• PROBLEM DETAILS:
Look in the listing below for the line that has "Joeman在臉書分享一封題", then return it and each following line up to and including the one with "A delicious recipe", exactly and without pictures.

• SUPPLIED DATA:
________________

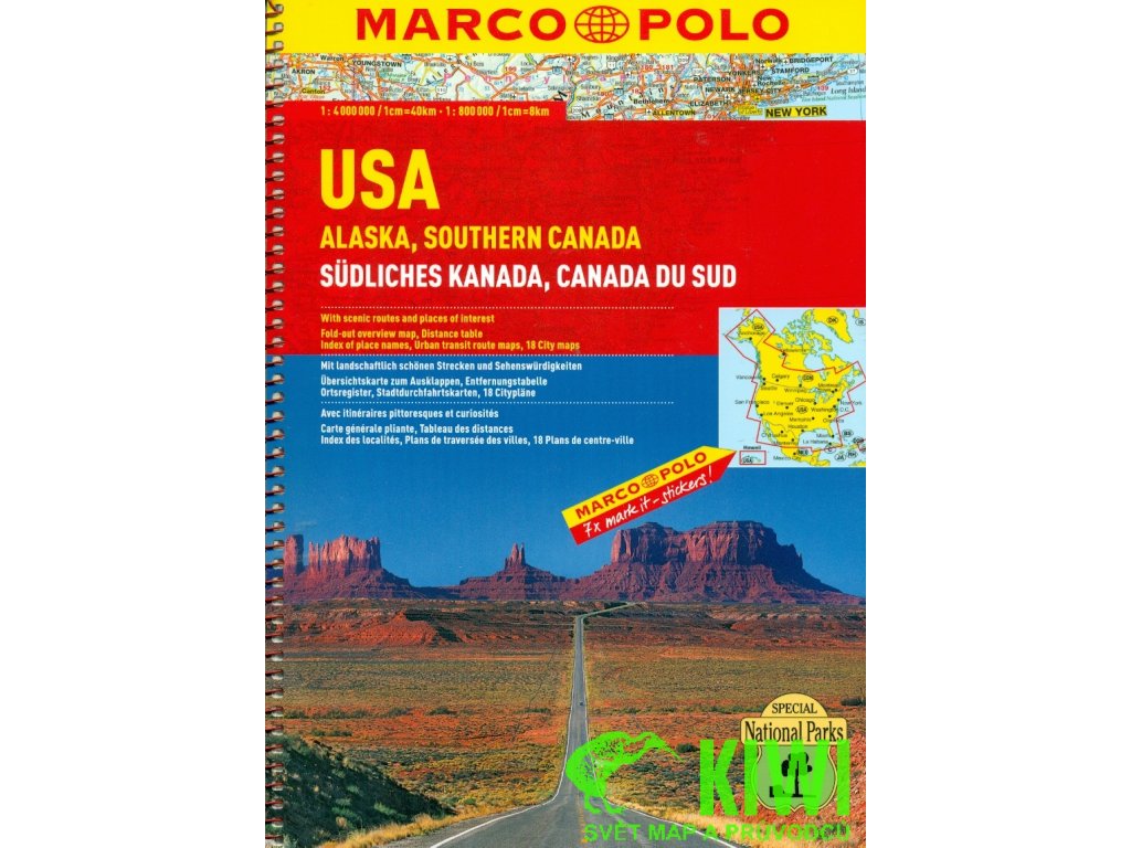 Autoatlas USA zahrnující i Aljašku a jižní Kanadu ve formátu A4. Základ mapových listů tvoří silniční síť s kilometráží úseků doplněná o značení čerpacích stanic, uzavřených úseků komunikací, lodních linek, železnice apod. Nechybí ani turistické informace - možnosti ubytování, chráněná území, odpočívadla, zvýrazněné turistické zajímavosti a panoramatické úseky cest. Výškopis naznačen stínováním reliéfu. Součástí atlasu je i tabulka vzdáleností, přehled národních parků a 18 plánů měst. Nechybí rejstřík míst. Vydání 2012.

________________

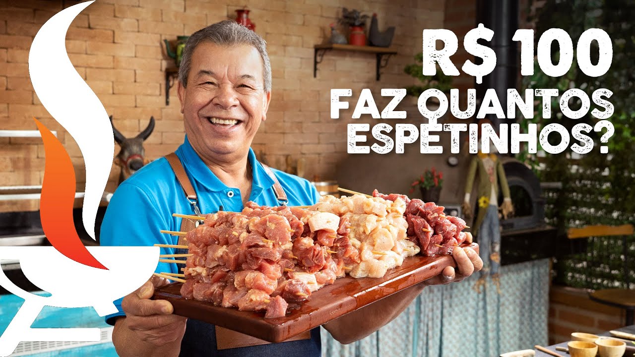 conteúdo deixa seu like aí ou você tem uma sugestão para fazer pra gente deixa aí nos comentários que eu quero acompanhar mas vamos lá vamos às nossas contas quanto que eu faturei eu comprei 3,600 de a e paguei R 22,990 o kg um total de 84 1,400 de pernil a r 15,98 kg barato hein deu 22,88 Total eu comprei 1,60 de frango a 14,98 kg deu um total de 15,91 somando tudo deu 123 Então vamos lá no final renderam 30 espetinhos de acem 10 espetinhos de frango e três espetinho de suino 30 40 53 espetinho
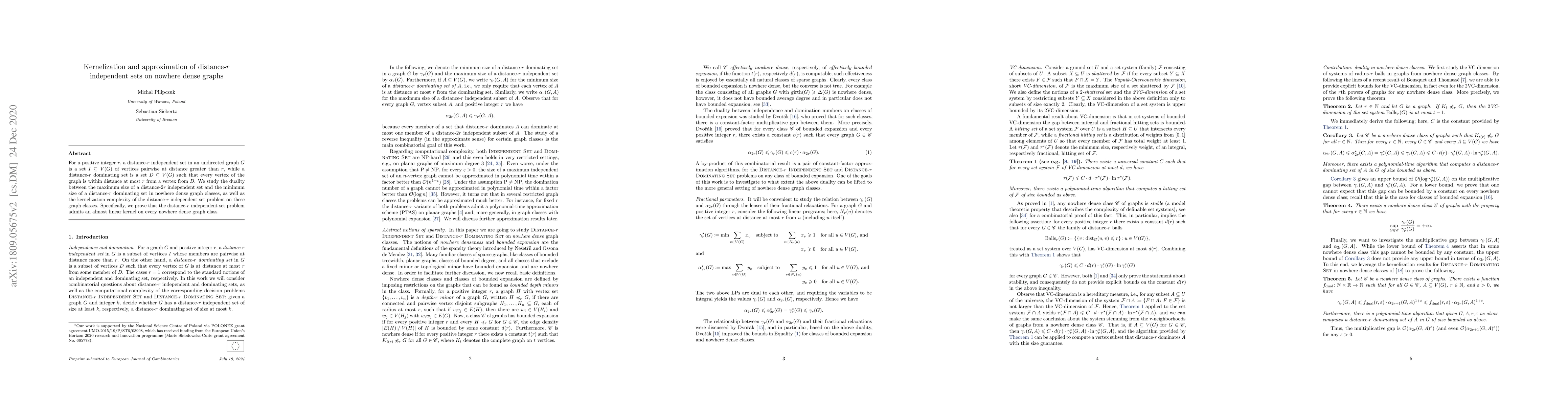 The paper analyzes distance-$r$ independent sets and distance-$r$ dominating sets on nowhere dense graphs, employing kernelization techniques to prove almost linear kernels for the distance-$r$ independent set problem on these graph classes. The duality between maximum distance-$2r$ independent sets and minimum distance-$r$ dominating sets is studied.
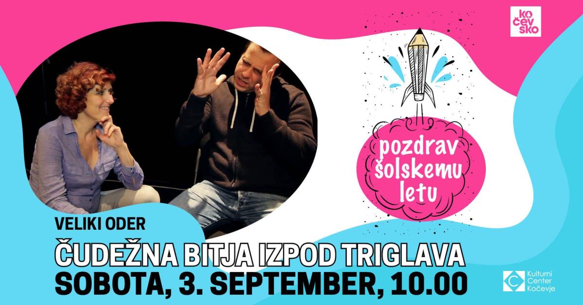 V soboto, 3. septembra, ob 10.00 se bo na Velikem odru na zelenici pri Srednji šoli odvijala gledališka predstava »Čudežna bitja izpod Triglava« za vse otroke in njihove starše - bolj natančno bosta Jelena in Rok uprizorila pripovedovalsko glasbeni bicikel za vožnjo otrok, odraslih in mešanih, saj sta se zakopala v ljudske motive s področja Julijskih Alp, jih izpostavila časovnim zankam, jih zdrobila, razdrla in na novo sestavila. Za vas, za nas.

________________

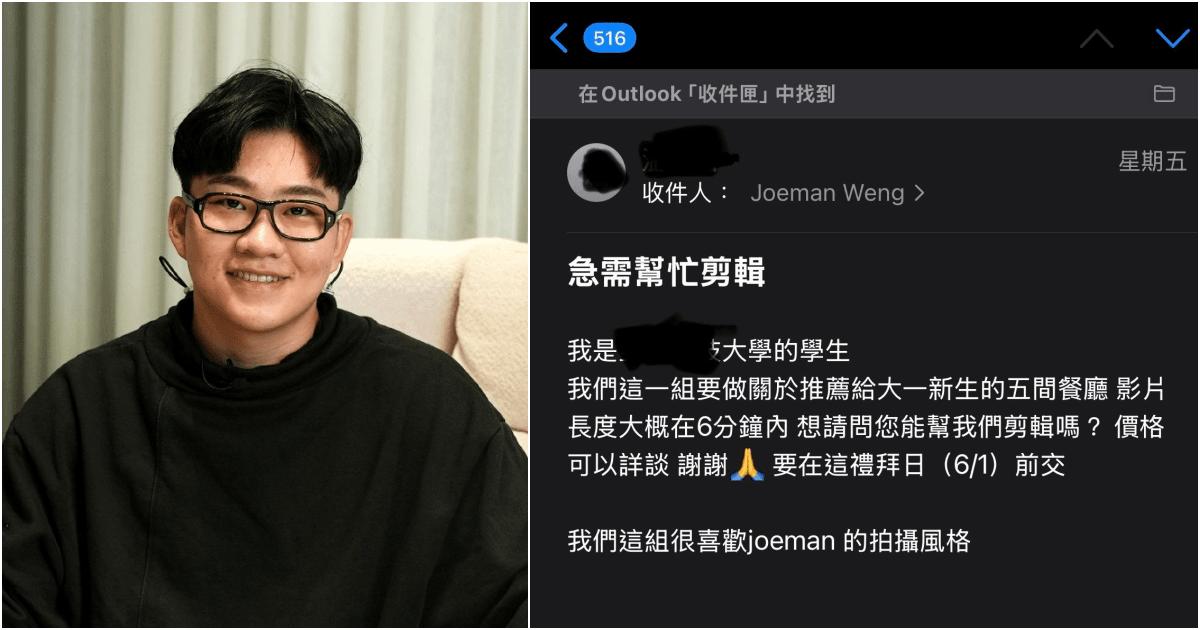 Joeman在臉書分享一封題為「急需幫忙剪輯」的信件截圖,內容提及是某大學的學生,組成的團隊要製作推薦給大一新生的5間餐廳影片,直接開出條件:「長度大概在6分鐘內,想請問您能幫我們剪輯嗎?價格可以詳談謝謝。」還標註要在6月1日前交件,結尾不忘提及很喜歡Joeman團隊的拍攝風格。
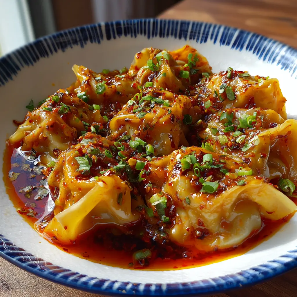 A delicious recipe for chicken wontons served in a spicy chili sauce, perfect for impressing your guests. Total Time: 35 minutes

________________

• ANSWER SPACE:
 Joeman在臉書分享一封題為「急需幫忙剪輯」的信件截圖,內容提及是某大學的學生,組成的團隊要製作推薦給大一新生的5間餐廳影片,直接開出條件:「長度大概在6分鐘內,想請問您能幫我們剪輯嗎?價格可以詳談謝謝。」還標註要在6月1日前交件,結尾不忘提及很喜歡Joeman團隊的拍攝風格。
 A delicious recipe for chicken wontons served in a spicy chili sauce, perfect for impressing your guests. Total Time: 35 minutes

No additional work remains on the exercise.